■ **EXERCISE OBJECTIVE**
Output only the lines below from the one holding "朝食は1階の食堂で、バイキングではなく、よくある旅館の朝食のような定食です。" down to the one holding "Tru Earth Fabric", both end lines included and every picture dropped.
┌────────
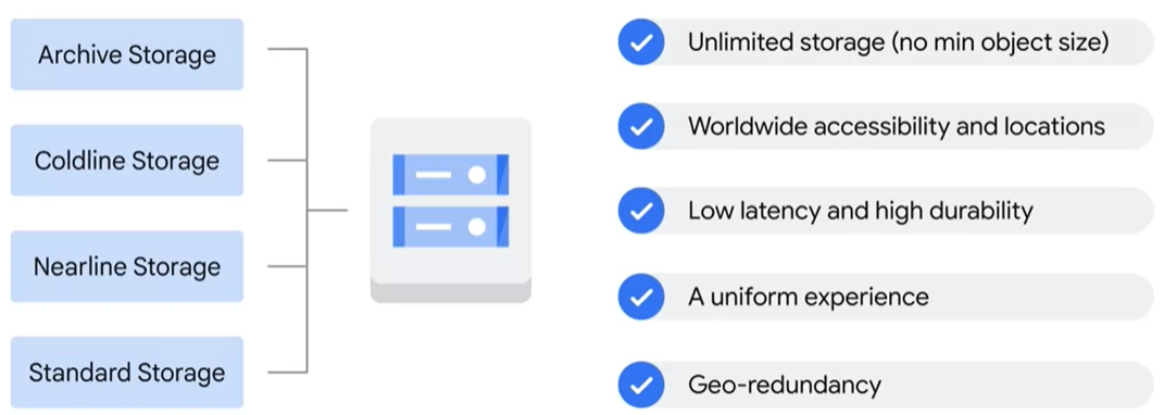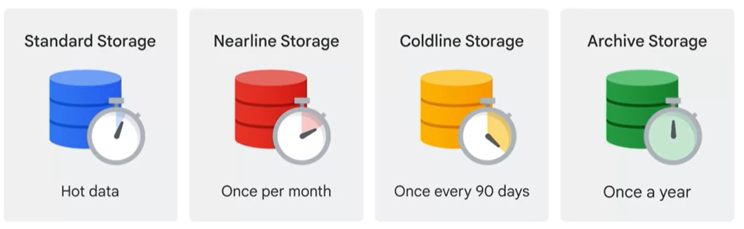 클라우드 스토리지에는 4개의 주요 스토리지 클래스가 존재한다. 첫 번째는 스탠다드 스토리지다. 스탠다드 스토리지는 빈번하게 엑세스하는 핫 데이터에 가장 적합하다. 또한, 짧은 시간 동안에만 저장되는 데이터에도 매우 적합하다. 두 번째는 니어라인 스토리지다. 이것은 평균적으로 한 달에 1번 또는 그 이하로 데이터를 읽거나 수정하는 것과 같이, 자주 엑세스하지는 않는 데이터를 저장하는 데 가장 적합하다. 예를 들어, 데이터 백업, 장기 멀티미디어 콘텐츠, 또는 데이터 기록이 포함될 수 있다. 세 번째는 콜드라인 스토리지다. 이것은 자주 엑세스하지 않는 데이터를 저장하기 위한 저렴한 옵션이다. 니어라인 스토리지와 대조하면, 콜드라인 스토리지는 최대 90일에 1번 데이터를 읽거나 수정하기 위한 용도다. 마지막으로 네 번째는 아카이브 스토리지다. 이는 데이터 기록, 온라인 백업, 재해 복구에 있어 이상적으로 사용되는 최저 비용 옵션이다. 365일의 최소 저장 기간에서 데이터 엑세스와 운영에 대한 비용이 높기 때문에 1년에 1번 미만으로 엑세스할 계획이 있는 데이터에 가장 적합한 선택이다.
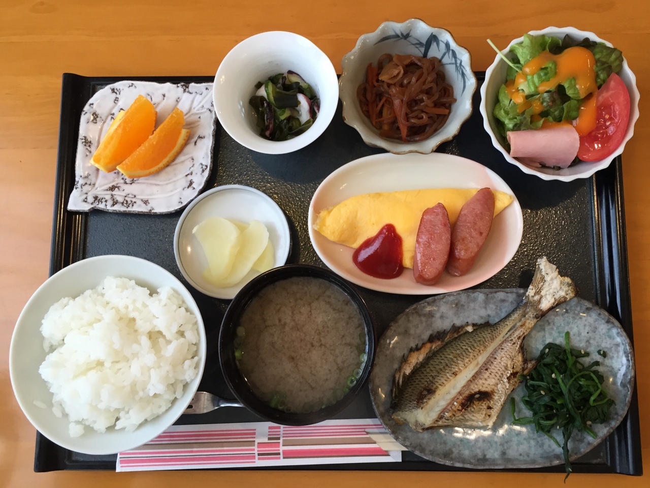 朝食は1階の食堂で、バイキングではなく、よくある旅館の朝食のような定食です。
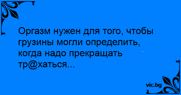Оргазм нужен для того, чтобы грузины могли определить, когда надо прекращать тр@хаться...
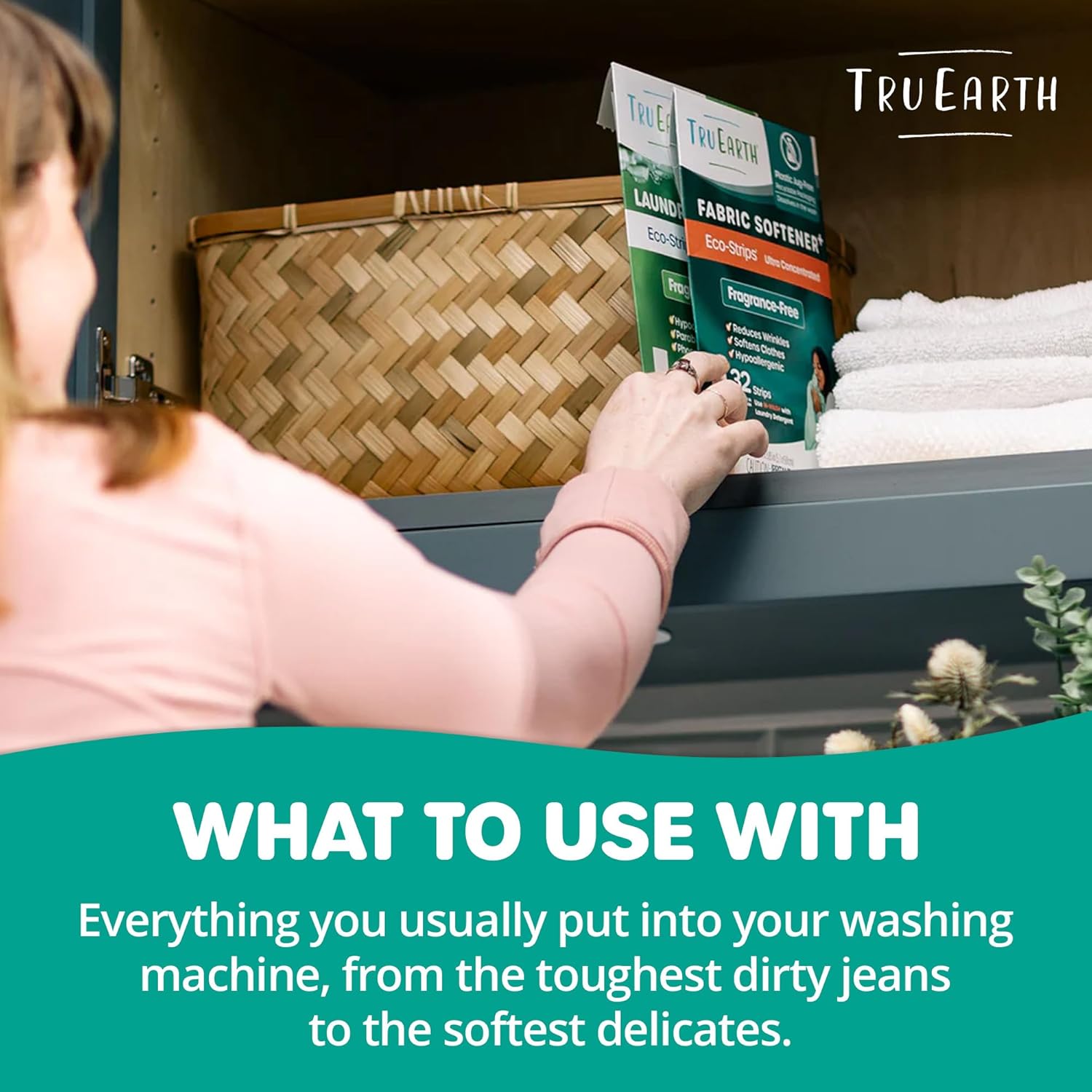 Tru Earth Fabric Softener Strips for Washing Machine, Alternative to Fabric Softener Liquid and Pods, Unscented Fragrance Free, Up to 128 Loads Per 64-Count
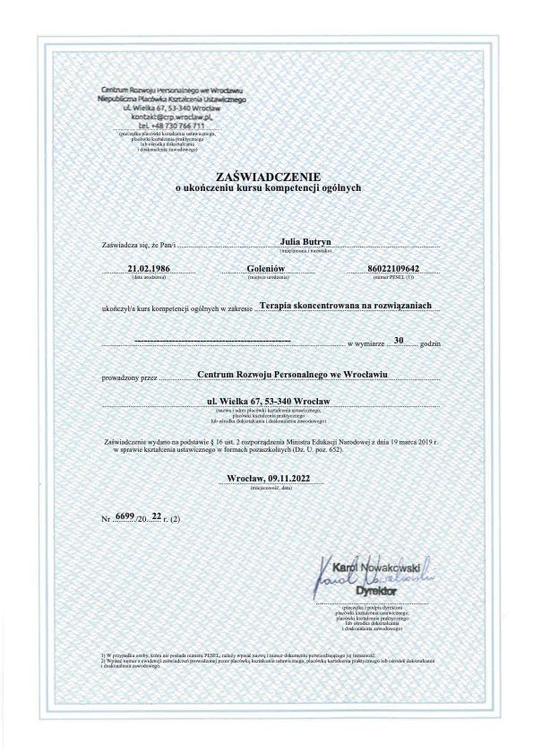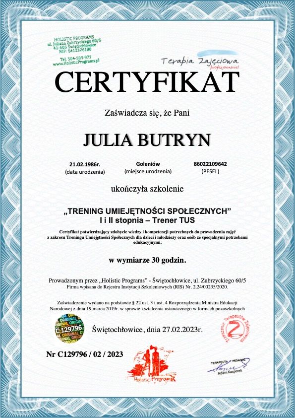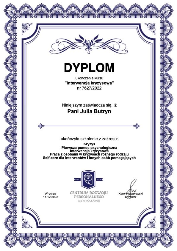 Stale rozwijam swoje kompetencje — ukończyłam m.in. kurs interwencji kryzysowej, szkolenia Trenera Treningu Umiejętności Społecznych (TUS) I i II stopnia oraz Terapii Skoncentrowanej na Rozwiązaniach (TSR).
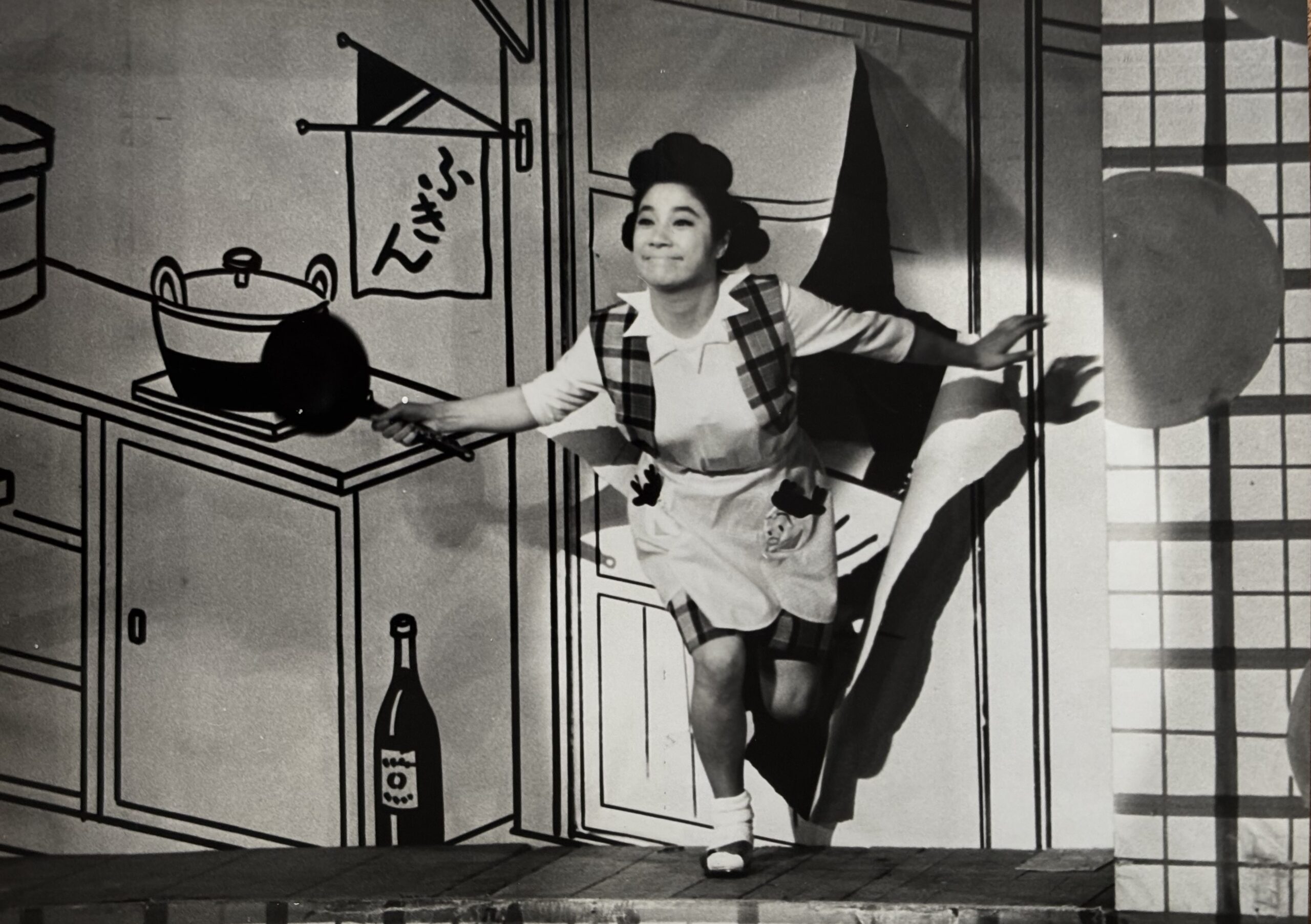 長谷川町子の漫画「サザエさん」の連載が福岡県の地元紙「夕刊フクニチ」で始まったのは戦後まもない1946年のこと。現在も放送中のアニメ作品で親しまれているが、メディア化は実写版が先で、1948年のマキノ映画『サザエさん 七転八起の巻』が最初の映画化作品となった。主演は宝塚歌劇団出身の東屋トン子で1950年に続篇も作られている。その後、NHKとニッポン放送でのラジオドラマ化、TBSでのテレビドラマ化を経て、1956年に再び映画化された際に江利チエミが主役に抜擢されて当たり役となったのだった。1965年からはテレビドラマ版がスタート、翌年には舞台化もされて、実写版サザエさんといえば江利チエミをおいてほかにいないという時期が長く続くことになる。
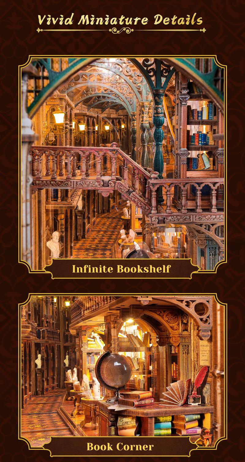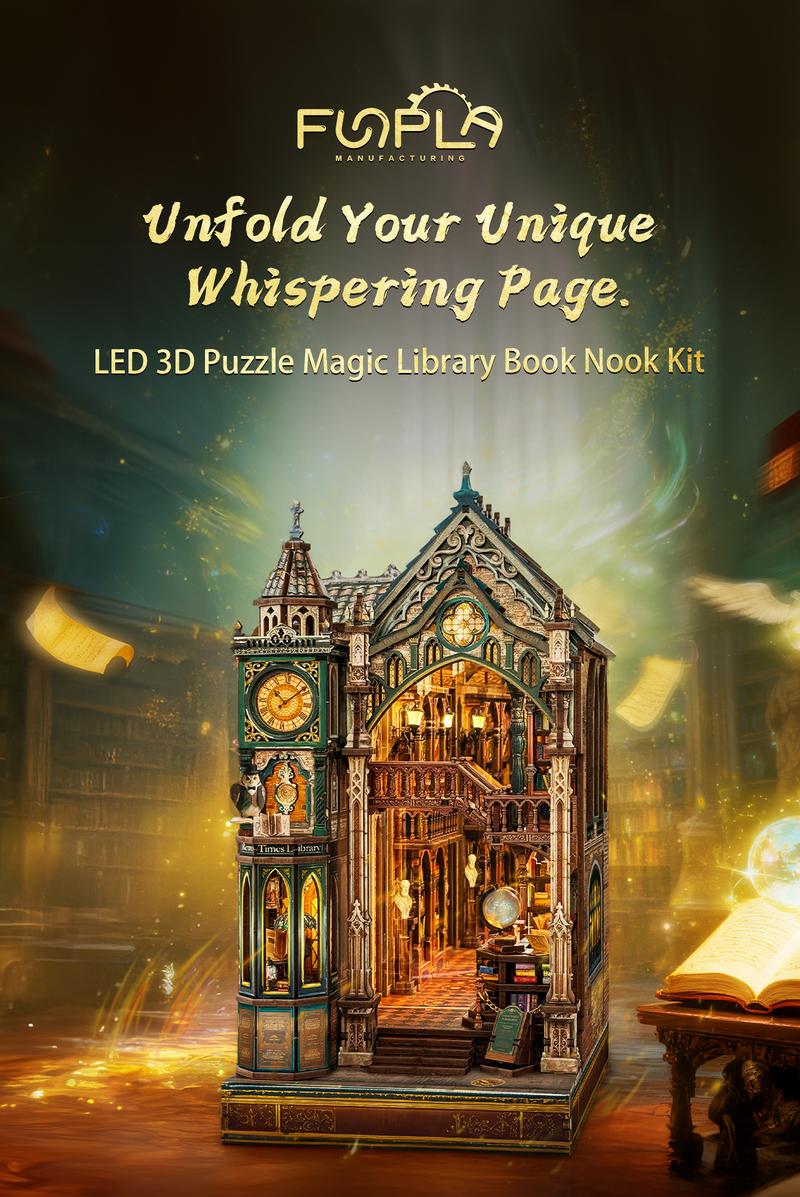 FUNPOLA Magic Library Book Nook Kit – LED 3D Wood Puzzle with Infinity Mirror – DIY Bookshelf Decor, Miniature Craft Gift for Kids and Adults
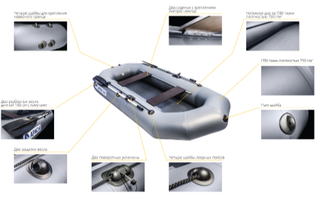 - Увеличенный размер баллонов позволяет чувствовать себя увереннее внутри лодки и избавляет от ощущения, что сидишь на скамейке над водой.
└────────
■ **RESPONSE AREA**
 朝食は1階の食堂で、バイキングではなく、よくある旅館の朝食のような定食です。
Оргазм нужен для того, чтобы грузины могли определить, когда надо прекращать тр@хаться...
 Tru Earth Fabric Softener Strips for Washing Machine, Alternative to Fabric Softener Liquid and Pods, Unscented Fragrance Free, Up to 128 Loads Per 64-Count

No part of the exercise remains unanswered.